The first public performance of Schiller’s Wilhelm Tell was staged in Weimar under the direction of Johann Wolfgang Goethe on 17 March 1804. In the summers of 1912 to 1914 and again between 1931 and 1939, Schiller's play was staged in Interlaken. It was filmed in both German and English versions in 1934, both versions starring the same leading actors (Conrad Veidt was Gessler). Since 1947 the play has been performed annually in Interlaken at the Tellspiele. In 2004 Schiller’s play was staged for the first time at the Rütli Meadow (German: Rütliwiese), on the occasion of its 200th anniversary. Since 1938 it has also been performed every Labor Day weekend in New Glarus, Wisconsin in English, and until recently also in German.

The characters of the play are used in the national deck of cards of Hungary and Austria and are known as Tell pattern cards. The deck was born around 1835 in the times before the Hungarian Revolution of 1848, when revolutionary movements were awakening all over in Europe. The Aces show the four seasons. These cards spread across the Austro-Hungarian Empire and are still the most common German-suited playing cards in that part of the world today. Characters portrayed on the Obers and Unters include: Hermann Geszler, Walter Fürst, Rudolf Harras and William Tell.

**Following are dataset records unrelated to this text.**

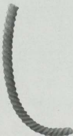
Fig. 5. Fragment av bronsalsring. Helgön, Ekerö, Uppland. 2/3. — Fragment of bronze torque. Helgön, Ekerö, Uppland.

Vår nål från Helgön har profilering av sådana skivor. De närmaste paralleller till denna nål, som jag känner, äro estniska, den allra närmaste är den i fig. 2 återgivna nålen ifrån Paiküla, Kärla socken på Ösel. Vi se på den senare nålen under huvudet tre skivformiga profileringar, liksom på vårt exemplar från Helgön med mittskåra. Någon silvertråd är i varje fall icke bevarad på Öselnålen, lika litet som på det svenska exemplaret. Den förra nålen har ungefär cirkelrunt huvud; mera ovalt sådant som Helgönålen äga dock andra estniska nålar, t. ex. Ariste, a. A. pl. II fig. 2, 3, 5. Öselnålen torde tillhöra tiden framemot eller omkring år 800.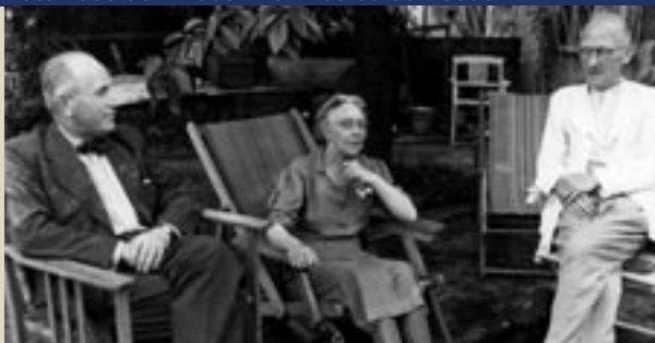
Louise Schroeder mit Bürgermeister Dr. Ferdinand Friedensburg (li.), 1947

Verleihung des Verdienstkreuzes mit Stern des Verdienstordens der Bundesrepublik Deutschland an die ehemalige Oberbürgermeisterin von Berlin, Louise Schroeder, durch den Bundespräsidenten, Dr. Theodor Heuss, 1952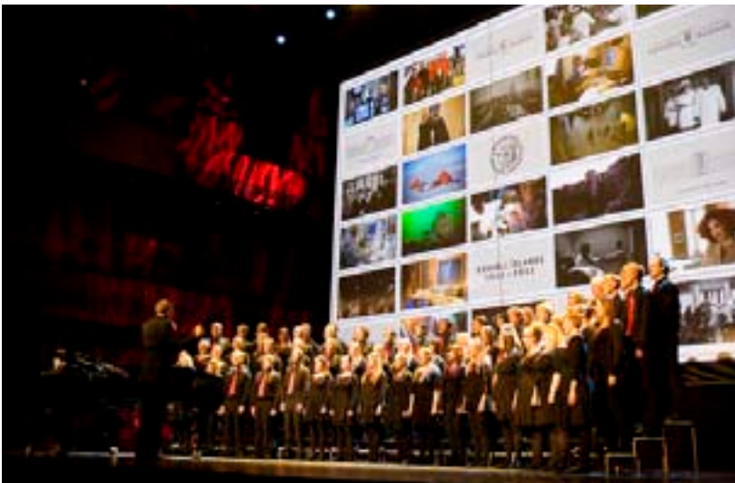
Háskólakór Háskóla Íslands

It was long believed that the card was invented in Vienna at the Card Painting Workshop of Ferdinand Piatnik, however in 1974 the very first deck was found in an English private collection, and it has shown the name of the inventor and creator of deck as József Schneider, a Master Card Painter at Pest, and the date of its creation as 1837. Had he not chosen the Swiss characters of Schiller's play, had he chosen Hungarian heroes or freedom fighters, his deck of cards would never have made it into distribution, due to the heavy censorship by the government at the time. Although the characters on the cards are Swiss, these cards are unknown in Switzerland.

Jose Rizal, the famous Philippine revolutionary nationalist and author, translated the drama into his native Tagalog in 1886, having drawn much of his literary and political inspiration from Schiller and his works. During the 19th century, William Tell inspired many freedom fighters, e.g. in Italy and the Russian Empire.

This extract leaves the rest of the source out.